Sunday, February 15, 2015

A Touch of Stardust Takes Us to Pre-WWII Hollywood and the Set of Gone with the Wind

A Touch of StardustI'm not a Clark Gable fan and didn't watch or even read Gone with the Wind. But I do love most old movies. I'm a huge Colbert and Grant fan and looked forward to going behind the scenes in 1939 Hollywood.

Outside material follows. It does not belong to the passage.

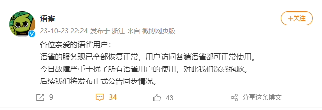 在经历了近 10 小时的故障之后,语雀服务现已全部恢复正常,各端语雀都可以正常访问,功能也恢复。不过,对于此次故障原因,官方暂未作说明。(IT之家)

It's not a bad story, but while I loved Alcott's previous titles, I found I didn't enjoy this one near as much. That's partly my fault. This is def geared at Gone with the Wind fans, and I'm not one. But it's also partly the telling of the tale. There's two different stories going on. The first is a young woman trying to find herself and make it as a screenwriter in Hollywood. Her parents want her back home and she must learn to stand up for herself and say, "Hey, I'm an adult..." She faces the usual struggles a woman back then would have faced trying to make it in the male-dominated industry, sexual harassment, prejudice, etc.

The Gables
The second story is Clark Gable and Carole Lombard's marriage/romance. The studio has to buy off his ex-wife; he and Carol are buying a ranch complete with bear rugs...

I felt like the book couldn't make up its mind who it was about and honestly, putting a small-town girl's romance next to Gable and Lombard's made it really diminish. Not to mention I didn't like the hero (Andy) at all. He was patronizing, always calling her "kid"; he was negative and just overall annoying. I wanted Julie to just move on and quit mooning over him.

Frances Marion
I did enjoy all the interesting tidbits though about this movie I've never seen: Vivien's cleavage trouble; Clark's bad breath and fake teeth and voice training and refusal to cry. I liked learning about screenwriting, about the groupwork, about the rewriting of duds. Learning about Frances Marion was another treat I took from this, a screenwriter who was also the first female to win an Academy Award for Best Adapted Screenplay. I love the role she plays as a mentor and helper to Julie.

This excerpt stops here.